Наклонившись вперёд, я не могу удержаться и убираю несколько прядей с её лица.

— Я не знаю, принцесса. Ты скажи мне.

— Не называй меня так, — она убирает мою руку.

— Почему нет? Это то, кем ты являешься. Неприкасаемая. Недостижимая.

— Убирайся отсюда, — в её глазах огонь, смесь злости и отчаяния.

— Снова выгоняешь меня?

— Уходи, Коннер! — выкрикивает она, глядя на меня, — я не хочу, чтобы ты был здесь.
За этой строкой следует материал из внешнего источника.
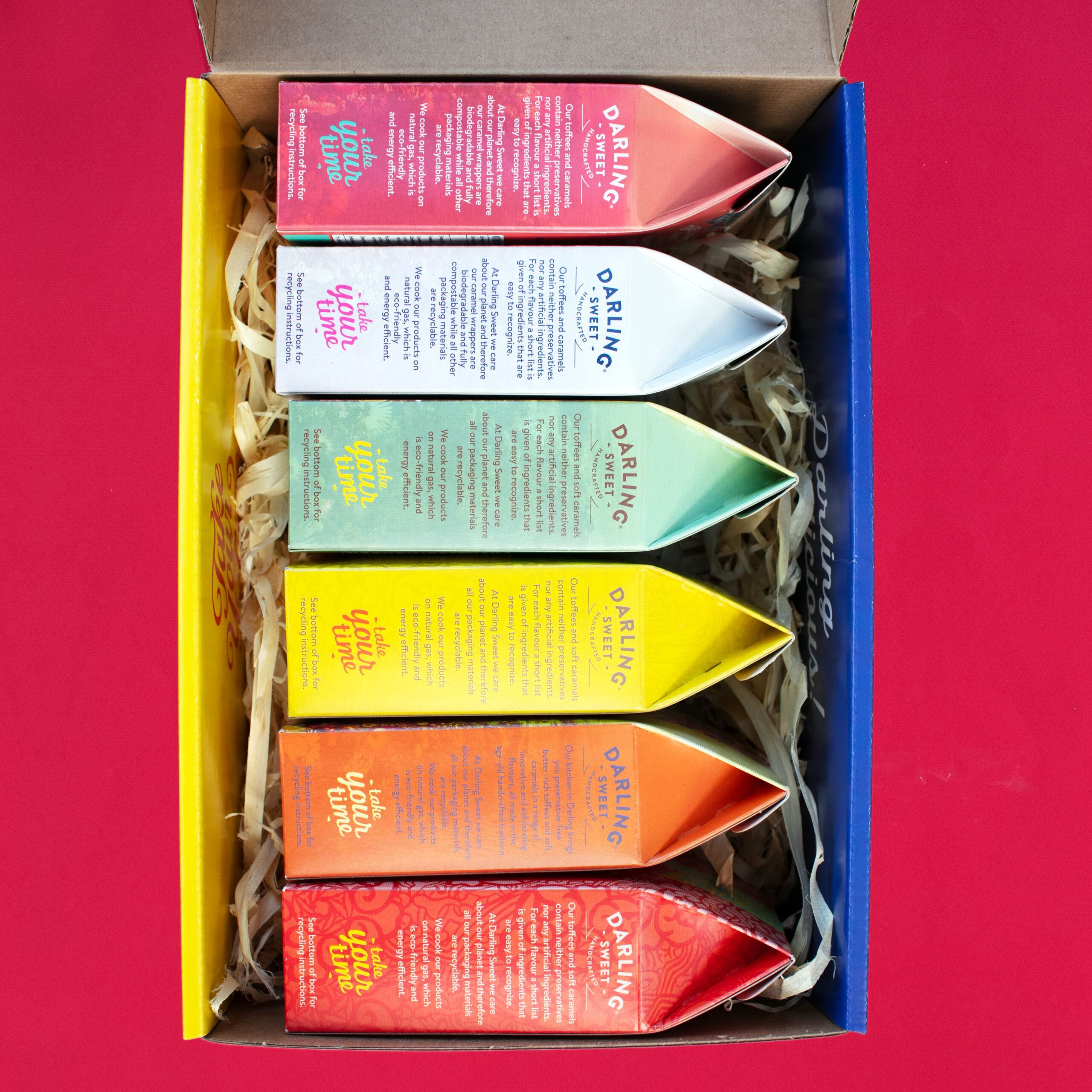 A sweet lover’s dream, featuring six 150g packs of Darling Sweet Toffees or Soft Caramels of your choice. Whether you prefer the comforting richness of our butter-caramel toffees or the melt in your mouth softness of our caramels, this hamper offers the perfect selection for indulgence, celebration, or gifting.

Но её глаза говорят об обратном. Они говорят, что она хочет схватить меня и не отпускать, свернуться в моих объятиях, как раньше. Её глаза говорят мне, что она хочет лечь рядом со мной и проследить линии татуировки на моём плече, пока моя кожа не покроется царапинами от её прикосновений.

Её чёртов рот лжёт.

— Мне всё равно. Я пробуду здесь всё лето, — я не помогаю своей понимающей ухмылкой.

Она смотрит на меня с тоской в глазах, и в этот момент раздаётся плач ребёнка. Моё сердце замирает от крика «Мама». Шок проходит сквозь моё тело, и я засовываю ногу в дверь прежде, чем она успевает закрыть её.

— Софи?

— Убирайся! — кричит она, опираясь всем своим весом на дверь.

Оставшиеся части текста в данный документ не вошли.